Do not confuse COBRA with the Affordable Care Act (ACA) or the Health Insurance Portability and Accountability Act (HIPAA). These other laws are completely separate.
Background: Enacted way back in 1986, COBRA applies to private employers with 20 or more employees in the preceding calendar year. In addition, some states have enacted comparable laws for employers with fewer than 20 employees.
Generally, COBRA coverage is also extended to a covered employee’s spouse, dependent children and even an ex-spouse, if their coverage would be lost due to a qualifying event. To be eligible, the covered employee must have been currently enrolled in the employer’s health plan (or were when they worked there) and the plan must still be an active one.
Although employers are required to notify employees of their COBRA rights and to offer continued coverage, the entire health insurance cost may be shifted to the departing employee (plus a 2% administrative fee). Continuation of health insurance coverage may be required for one of the following events.
- Termination of the employee’s employment for any reason other than gross misconduct;
- Reduction in the number of hours of employment;
- The covered employee becomes entitled to Medicare;
- Divorce or legal separation of the spouse from the covered employee;
- Death of the covered employee; or
- Loss of dependent child status under the plan.
COBRA requires continuation coverage to be extended for as long as 18 or 36 months. The length of time depends on the type of qualifying event creating the COBRA rights. Note: A plan may provide for a longer period of coverage than the maximum period required by law.
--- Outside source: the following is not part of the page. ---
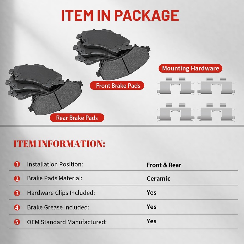 - Outstanding Braking Performance: Our brake pads are engineered to deliver reliable and powerful braking force in all driving conditions, whether it's city traffic or high speed highways. Provide you with enhanced safety on the road.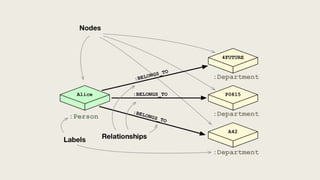 The document compares relational and graph databases, noting that relational databases require more joins when querying normalized data which increases query time. Graph databases provide an alternative by storing data in nodes and edges, allowing for faster index-free adjacency queries. Neo4j is highlighted as an example of a graph database that is fully ACID compliant and uses the Cypher query language.

When the qualifying event is the covered employee’s termination of employment or a reduction in hours of employment, the employee is entitled to 18 months of coverage. However, if the qualifying event is termination of employment or reduction of the employee’s hours AND the employee became entitled to Medicare less than 18 months before the qualifying event, COBRA coverage for a spouse and dependents can last for 36 months after the time the employee is eligible for Medicare. For certain other qualifying events, coverage must be provided for the maximum 36-month period.
Finally, if a qualified beneficiary is disabled and meets certain other requirements, qualified beneficiary receiving continuation coverage may be entitled to coverage for 29 months.
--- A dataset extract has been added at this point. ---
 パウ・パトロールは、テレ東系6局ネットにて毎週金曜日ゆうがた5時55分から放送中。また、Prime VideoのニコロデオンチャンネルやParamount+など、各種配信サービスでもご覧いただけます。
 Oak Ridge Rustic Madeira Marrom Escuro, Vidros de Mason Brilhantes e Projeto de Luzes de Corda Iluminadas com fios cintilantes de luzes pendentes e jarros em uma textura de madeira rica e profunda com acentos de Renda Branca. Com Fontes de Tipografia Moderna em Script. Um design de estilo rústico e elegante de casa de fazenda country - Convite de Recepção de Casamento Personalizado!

Reminder: A departing employee is not required to adopt continued health insurance coverage under COBRA. Investigate the possibilities for your situation.
A Star Is Born
Is someone in your family trying to make it in show biz or other performing arts?
Under a special exception in the tax law, that person may deduct qualified expenses if they—
- Perform services in the performing arts as an employee for at least two employers.
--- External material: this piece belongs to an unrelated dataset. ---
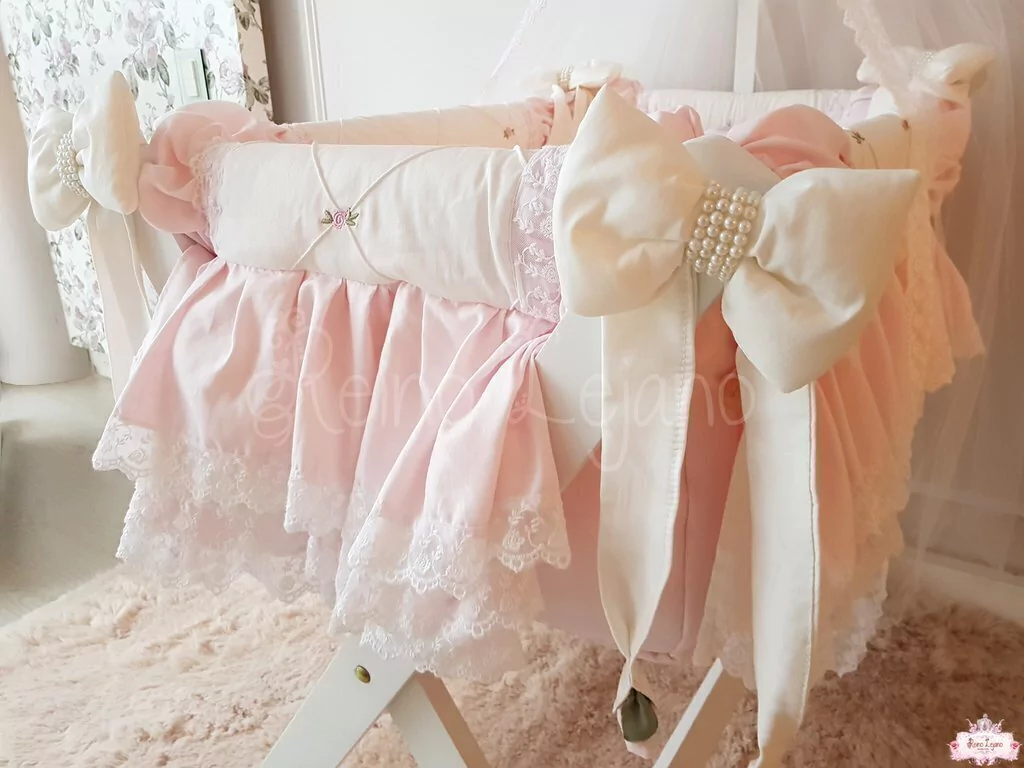 Catre PETIT ROIS volados, puntilla de tul, extra bordado rositas, drapeados

- Receive at least $200 each from any two of these employers.
- Have performing arts business expenses above 10% of the gross income from those activities.
- Have an adjusted gross income (AGI) of $16,000 or less before deducting the business expenses.
Also, if the individual is married, they must file a joint tax return.
Facts and Figures
Timely points of particular interest
Filing Deadlines—The April 15 filing deadline for 2023 returns has passed. However, U.S. citizens residing abroad have until June 17, 2024, to file their returns, including those with dual citizenship. Also, if you applied for an extension on your 2023 return, you have until October 15, 2024, to file (although a good faith estimate of your tax liability had to be paid by April 15).
Mail Call—The IRS is going after some tax-evasive heavy hitters. It recently announced that it has sent out warning notices to taxpayers with incomes above $400,000 who have not filed a federal income tax return since 2017. The IRS used W-2s, 1099s and other third-party reporting forms to compile the list of offenders. The agency has estimated that more than 125,000 taxpayers will receive these notices in the mail.